Pharmakon - Maggot mass

Sacred Bones / Cargo
VÖ: 04.10.2024
Unsere Bewertung: 8/10
8/10
Eure Ø-Bewertung: 6/10
6/10

Stirb und werde

Sterben und Vergehen gehören dazu in einem Ökosystem. Margaret Chardiet macht's vor, präsentiert sich im Artwork von "Maggot mass" ganz im Einklang mit der Natur und wird eins mit Waldboden und niederen Lebensformen. Zu denen leider auch der Mensch gehört, betrachtet man seinen respektlosen und zerstörerischen Umgang mit dem Planeten. Biodiversität ist nun mal nicht, wenn es beim Discounter zwei Sorten nachhaltig angebauten Kaffee gibt. Und genauso wenig muss es sich unbedingt um Musik handeln, wenn die New Yorkerin ihre auf höchste Lärmstufe gestellten Maschinen ausfährt. Eher um Inszenierungen von Körper, Geist und deren Versagen – mit den extremsten Mitteln industrieller Power Electronics. Was auf dem wunschgemäß entsetzlichen "Devour" 2019 so weit ging, dass sich die Pharmakon-Frau auf dem Cover symbolisch selbst verzehrte.

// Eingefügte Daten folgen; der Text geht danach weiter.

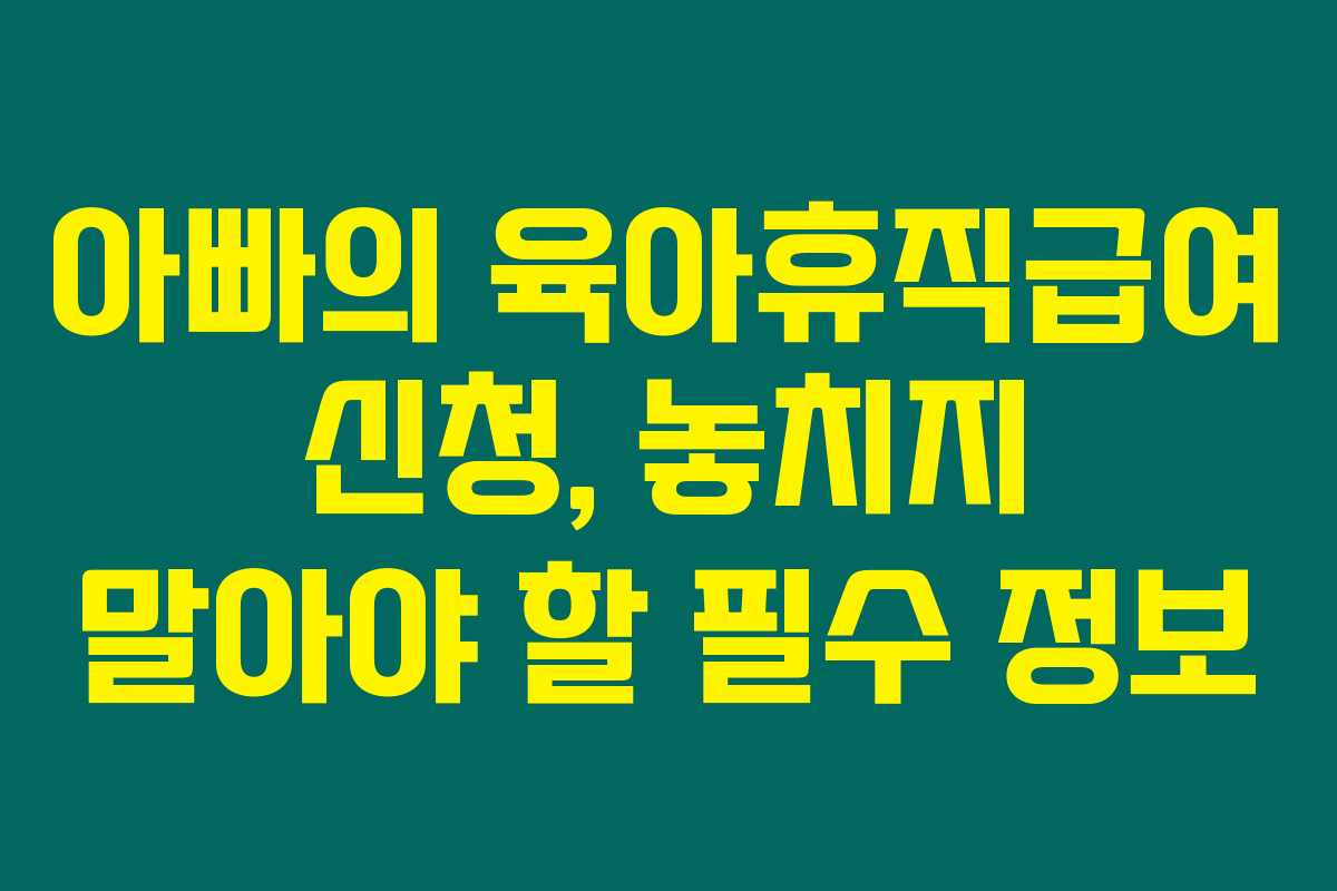 제가 알아본 바로는 아빠가 육아휴직을 신청할 때 받는 육아휴직급여는 가정의 재정에 큰 도움이 됩니다. 최근 육아휴직을 사용하고 돈이 어떻게 들어오는지 궁금증이 많았는데요, 저 또한 주관적인 경험을 바탕으로 어떻게 신청하면 좋을지 직접 체크해본 결과를 공유하고자 해요. 아래를 읽어보시면 육아휴직급여를 어떻게 신청하고 받을 수 있는지에 대한 유용한 정보를 찾으실 수 있을 것입니다.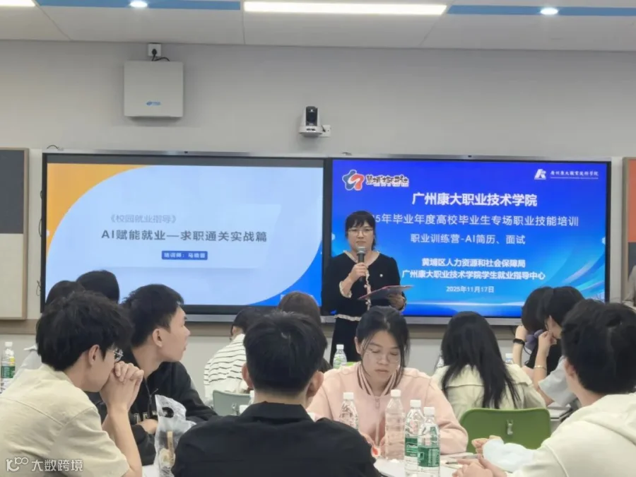 为搭建求职竞争力提升与创业资源对接的双向桥梁,助力求职者精准运用数字化工具强化岗位适配能力、创业者高效链接政策红利与产业资源,切实把握数字化转型与政策扶持的双重机遇,11月17日,广州康大职业技术学院联合黄埔区人力资源与社会保障局在综合楼208开展职业技能培训,活动由徐佳佳老师主持,马晓蓉老师主讲。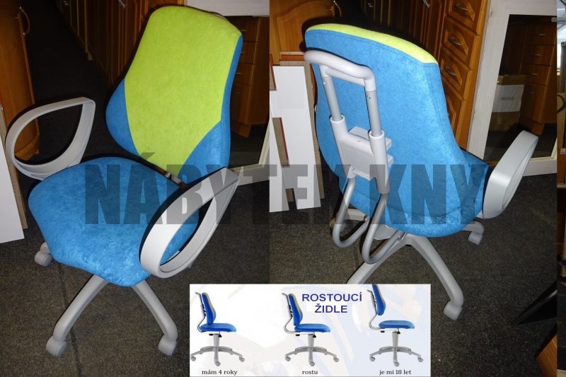 dětské barevné židle, výškově nastavitelné, zestílený plastový kříž, kolečka na koberec, síťovaný prodyšný opěrák, nosnost do 80Kg, skladem, původní cena 1.890Kč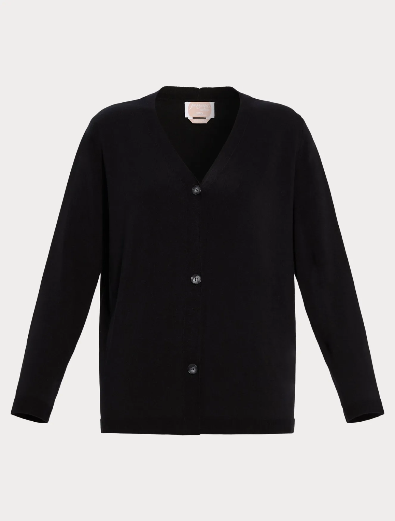 Dieser langärmlige Cardigan aus Viskosestretch mit V-Ausschnitt ist bequem und modisch. Die Glattrechts-Verarbeitung definiert die Struktur des Kleidungsstücks.Das Kleidungsstück ist Teil der N.O.W.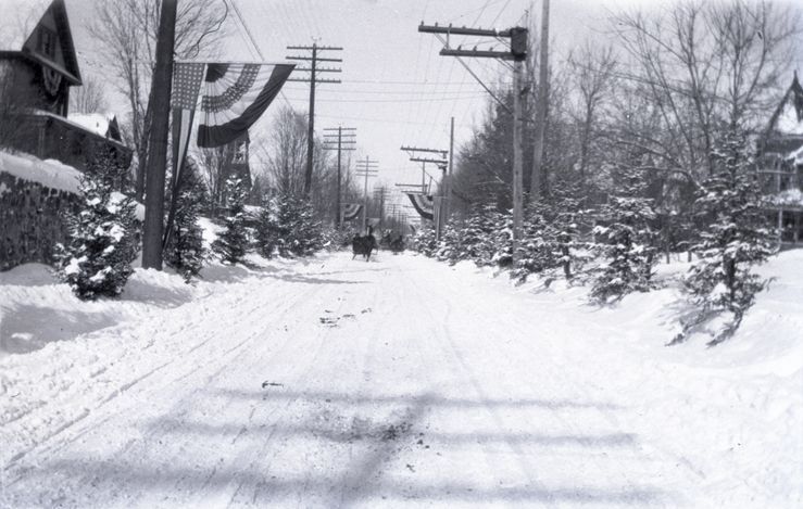 Negative of a snow covered road with horse drawn sleighs in the distance. Houses line either side of the road and there is bunting hanging from the electrical wire poles. Most likely taken by Mary Ives Baldwin. This item is not fully cataloged but has been uploaded so the image is publicly available; if you would like us to prioritize cataloging this item, please contact the HSL Collections team.

Vielleicht hat Chardiet auf ihrem fünften Album ein Einsehen mit allen gepeinigten Hörer*innen? Nicht wirklich. Denn warum sollte sie die bittere Erkenntnis, dass die Erde mit dem Störenfried Homo Sapiens als Düngemittel auf lange Sicht besser dran wäre denn mit ihm als Bewohner, per weicheiernden Zugeständnissen im Sound relativieren? Und doch könnte man mit ein wenig Fantasie sagen: Im Chardiet-Universum ist "Maggot mass" Pop. Allerdings nur in dem Sinne, in dem es Pop ist, mit öffentlichen Verkehrsmitteln zur eigenen Beerdigung zu fahren, obwohl man eigentlich den SUV nehmen wollte. Dennoch erinnert der von allerlei Getier umsummte Auftakt "Wither and warp" mit gediegenem Spannungsbogen und erkennbaren Vocals an "Crawling on bruised knees" – den Pharmakon-Track, dem man bisher am ehesten so etwas wie Eingängigkeit zubilligen konnte.

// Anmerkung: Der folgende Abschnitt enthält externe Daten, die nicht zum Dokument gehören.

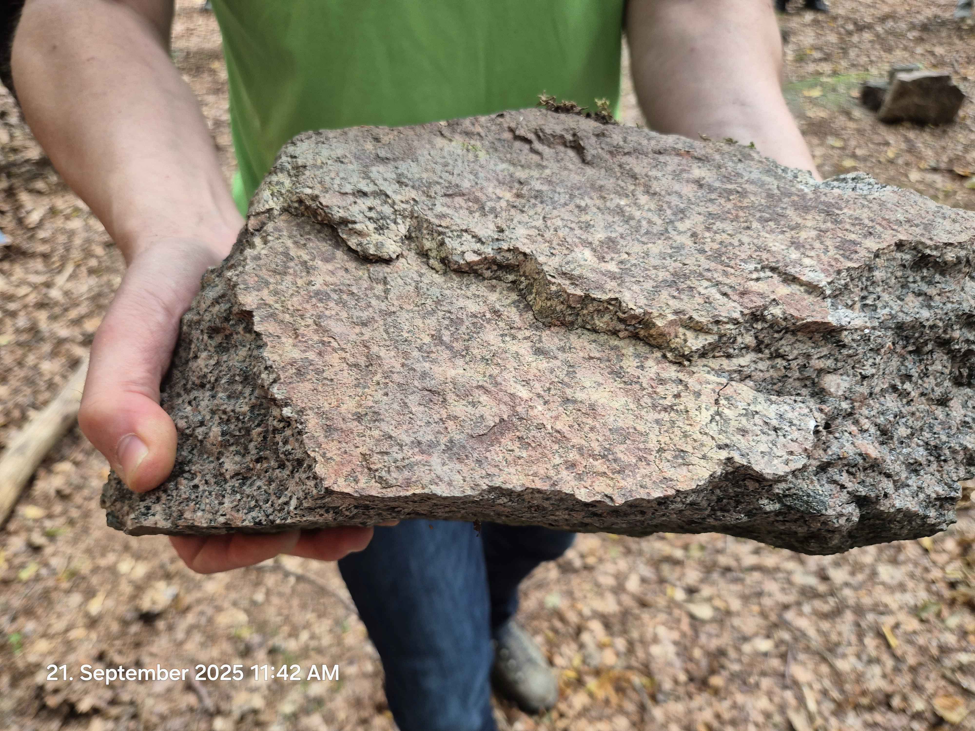 Wie nun genau der schöne Trommgranit entstanden ist, führte Jochen Babist, Fachbereichsleiter Geowissenschaften beim Geo-Naturpark, anschaulich aus. Als damals im Erdaltertum zwei Kontinente kollidierten, faltete sich in der Knautschzone ein riesiges Gebirge auf. Gleichzeitig entstanden Scherzonen, an denen eine quarzreiche Schmelze eindrang und als Trommgranit vor 339 Millionen Jahren in eine Tiefe von 18 Kilometern auskristallisierte. Der Trommgranit zeigt neben Quarz und Feldspat Kalifeldspäte, die dem Gestein seine rötliche Färbung verleihen.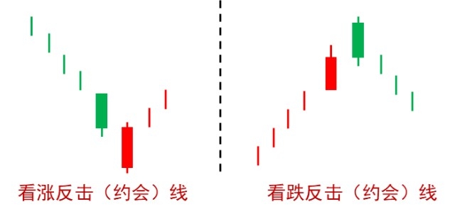 两根颜色相反的K线具有相同的收盘价即形成反击线(约会线)形态。意味着在原来的趋势上,第二天开市也大幅高/低开(甚至是新高/低),但到收盘时,被对手盘绝地反击收复失地。

Was sich zunächst noch als leidlich, nun ja, charmanter Rückgriff auf das Debüt "Abandon" hören lässt, hat in dieser halben Stunde Methode. Wenn auch eine donnernde, brutzelnde und zürnende, die keinerlei Spaß versteht. Die Drums des dynamisch zuckenden "Methanal doll" kumpeln raumgreifend mit den öltonnigsten Zeiten des britischen Industrial-Kollektivs Test Dept., und das vergleichbar rabiat auf die digitale Steintrommel hauende "Splendid isolation" schraubt sich mit zunehmender Spieldauer in einen immer destruktiveren Rausch, bis Stimme, elektronisches Gecrunche und rhythmische Urgewalt das Stück zusammen mit allem Krach der Welt in die Luft jagen. Trotzdem steckt in Chardiets Stimme zusehends mehr wütende Emotion als in dem geisterhaften Distorto-Organ, das sie auf früheren Platten favorisierte. Das Sterben ist nun mal ästhetisch blöd.

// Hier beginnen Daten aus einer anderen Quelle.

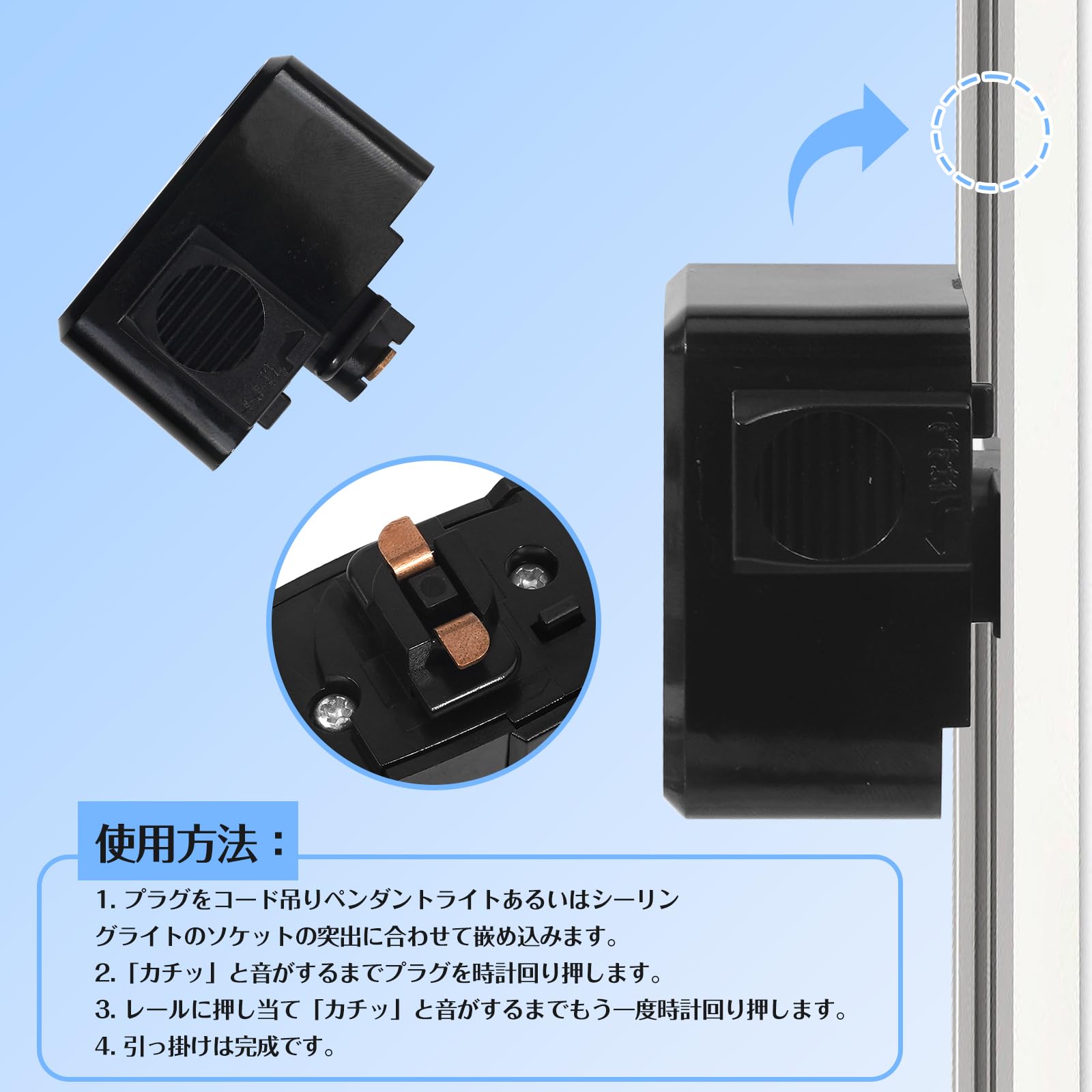 5. 応用:ライティングレールに取り付けて使用する引掛けシーリングプラグです。コード吊りペンダントライトやシーリングライトをライティングバーに装着する場合に適用します。

Man sollte nämlich nicht etwa annehmen, die 34-Jährige würde auf "Maggot mass" das Dasein geringschätzen. Sie hämmert lediglich allen, die ihr zuhören mögen, die Notwendigkeit ein, das eigene ekelhafte Benehmen gegenüber anderen Lebensformen zu überdenken, bevor sich der Globus kurz am Allerwertesten kratzt und die Zivilisation Geschichte ist. Und dass es jede*r selbst in der Hand hat, ob der monströse Closer "Oiled animals" lautstarker Abgesang ist oder vielleicht doch der Soundtrack zum Umdenken sein könnte. Und wenn der Mensch es doch verkackt? Dann gibt es immer noch Würmer und Maden, Fliegen und Schaben, die täglich demonstrieren, dass sie Freude daran haben. Die sollten wir ebenso haben – zumindest an einem fantastischen Album, das Pharmakon endgültig auf eine höhere Stufe verstörender Klangerzeugung hebt.

(Thomas Pilgrim)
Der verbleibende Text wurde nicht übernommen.